DIRECTIONS FOR THIS TASK: Once the line with "Écologique et élégante, la" is found, write it out along with each later line exactly, through the end of the entries, skipping every picture.

Items listed in a dataset

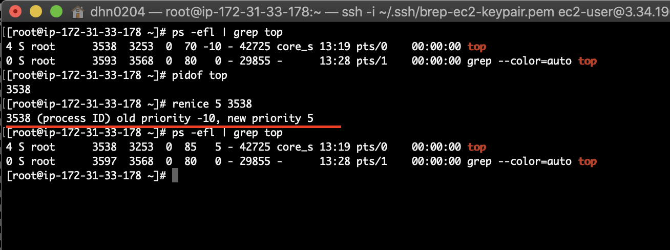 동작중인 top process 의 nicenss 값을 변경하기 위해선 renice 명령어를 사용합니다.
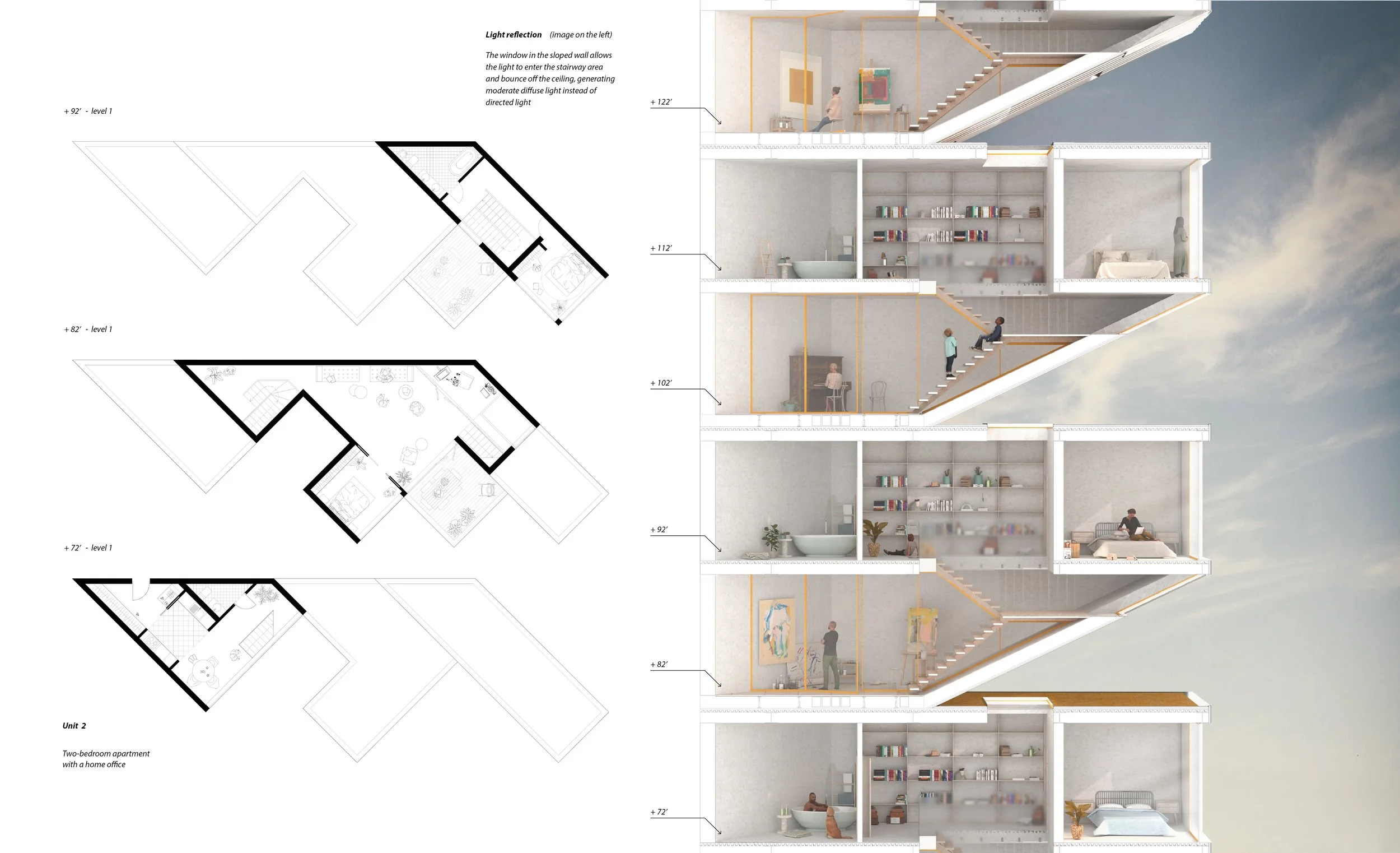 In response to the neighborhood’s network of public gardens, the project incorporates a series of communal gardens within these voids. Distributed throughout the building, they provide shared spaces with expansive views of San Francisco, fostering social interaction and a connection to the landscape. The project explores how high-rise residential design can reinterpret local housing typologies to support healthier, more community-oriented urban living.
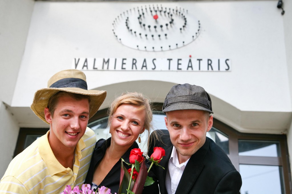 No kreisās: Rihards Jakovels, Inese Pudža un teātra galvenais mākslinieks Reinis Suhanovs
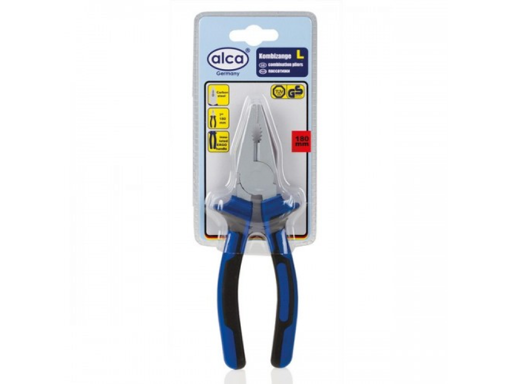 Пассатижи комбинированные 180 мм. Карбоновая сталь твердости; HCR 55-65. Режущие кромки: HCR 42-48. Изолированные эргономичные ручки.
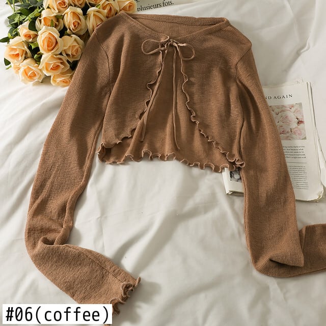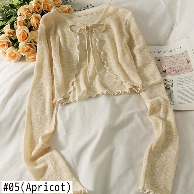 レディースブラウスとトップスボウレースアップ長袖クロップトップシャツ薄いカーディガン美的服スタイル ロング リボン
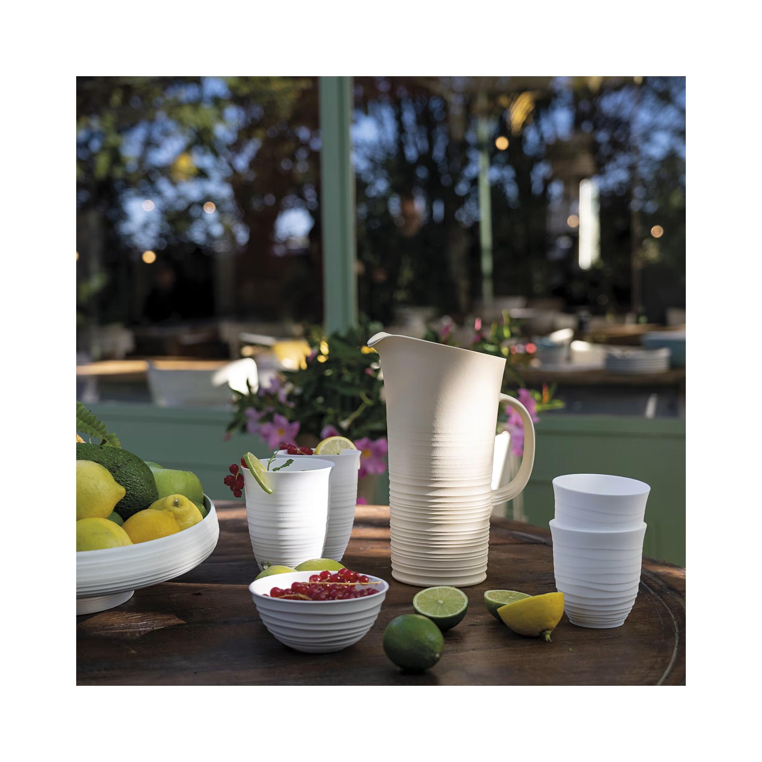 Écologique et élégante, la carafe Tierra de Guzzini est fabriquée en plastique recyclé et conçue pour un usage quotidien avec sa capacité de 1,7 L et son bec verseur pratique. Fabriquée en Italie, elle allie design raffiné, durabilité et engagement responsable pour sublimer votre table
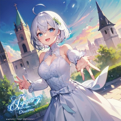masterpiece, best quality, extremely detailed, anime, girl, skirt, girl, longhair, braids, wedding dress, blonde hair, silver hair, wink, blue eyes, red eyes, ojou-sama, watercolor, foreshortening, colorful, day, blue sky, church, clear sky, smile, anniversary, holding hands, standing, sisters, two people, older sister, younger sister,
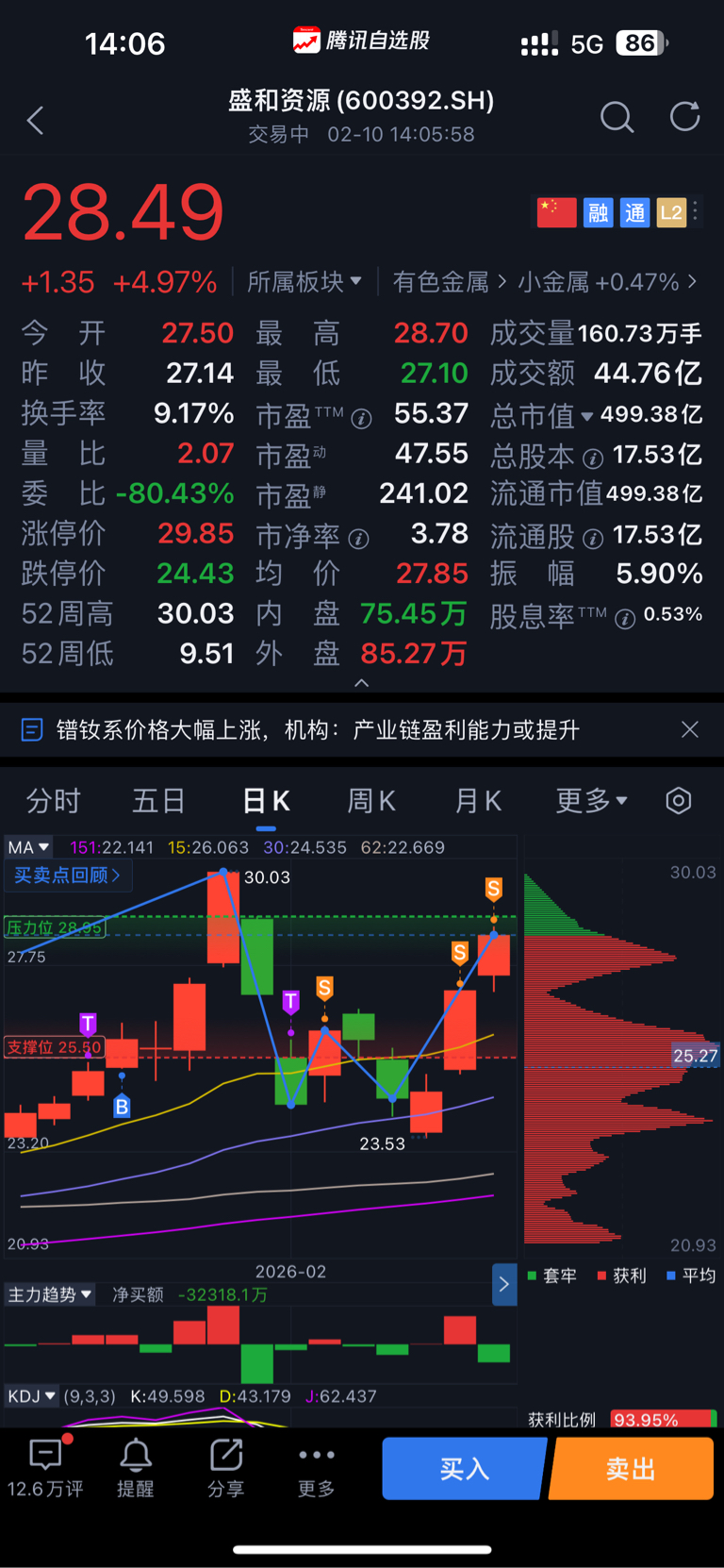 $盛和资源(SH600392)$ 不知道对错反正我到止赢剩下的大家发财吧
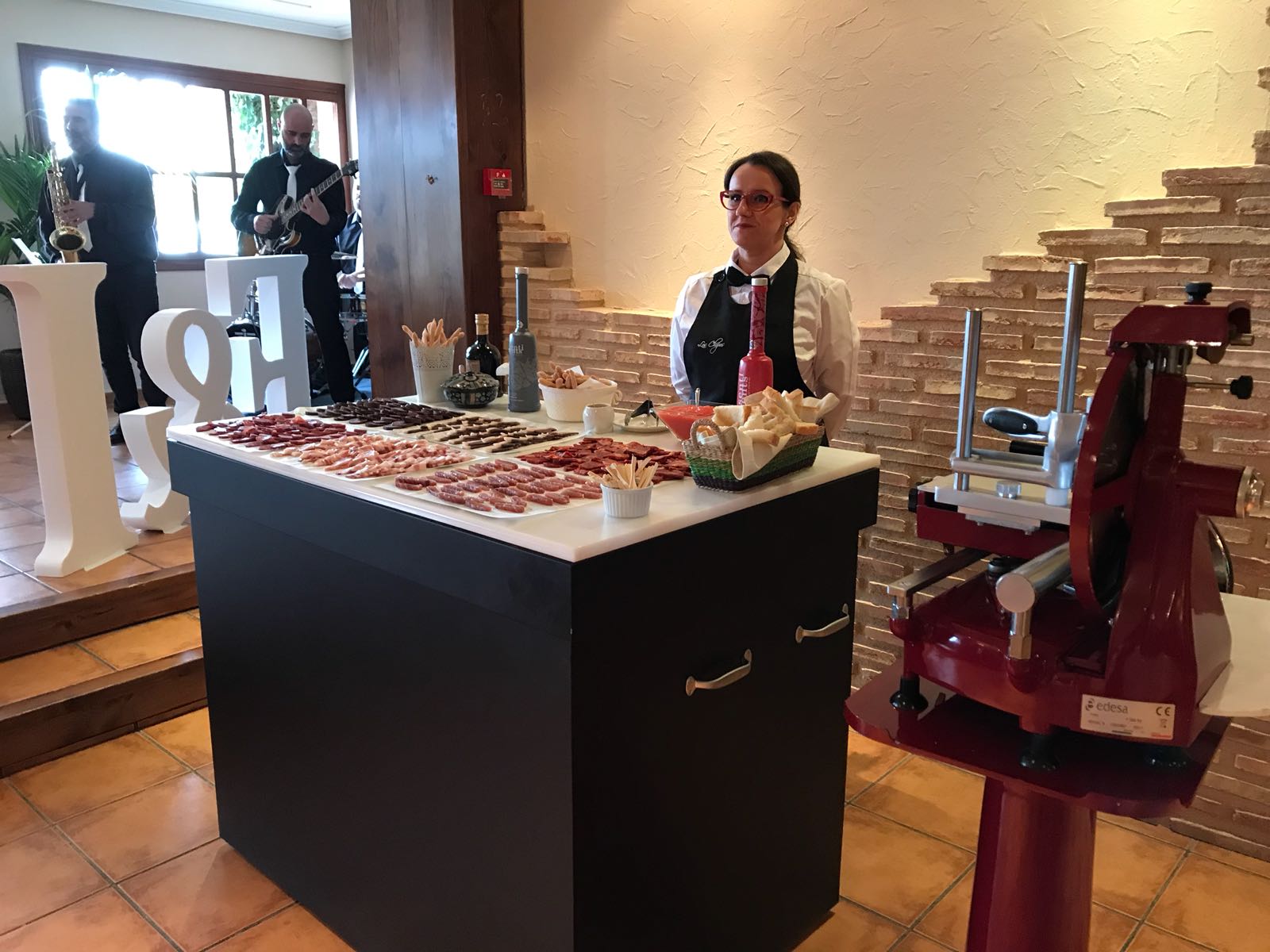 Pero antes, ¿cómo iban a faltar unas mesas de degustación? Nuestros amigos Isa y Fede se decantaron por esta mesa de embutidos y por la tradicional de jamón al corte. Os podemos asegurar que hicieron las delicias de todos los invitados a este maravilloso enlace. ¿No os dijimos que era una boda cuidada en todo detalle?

OUTPUT OF THE TASK:
 Écologique et élégante, la carafe Tierra de Guzzini est fabriquée en plastique recyclé et conçue pour un usage quotidien avec sa capacité de 1,7 L et son bec verseur pratique. Fabriquée en Italie, elle allie design raffiné, durabilité et engagement responsable pour sublimer votre table
masterpiece, best quality, extremely detailed, anime, girl, skirt, girl, longhair, braids, wedding dress, blonde hair, silver hair, wink, blue eyes, red eyes, ojou-sama, watercolor, foreshortening, colorful, day, blue sky, church, clear sky, smile, anniversary, holding hands, standing, sisters, two people, older sister, younger sister,
 $盛和资源(SH600392)$ 不知道对错反正我到止赢剩下的大家发财吧
 Pero antes, ¿cómo iban a faltar unas mesas de degustación? Nuestros amigos Isa y Fede se decantaron por esta mesa de embutidos y por la tradicional de jamón al corte. Os podemos asegurar que hicieron las delicias de todos los invitados a este maravilloso enlace. ¿No os dijimos que era una boda cuidada en todo detalle?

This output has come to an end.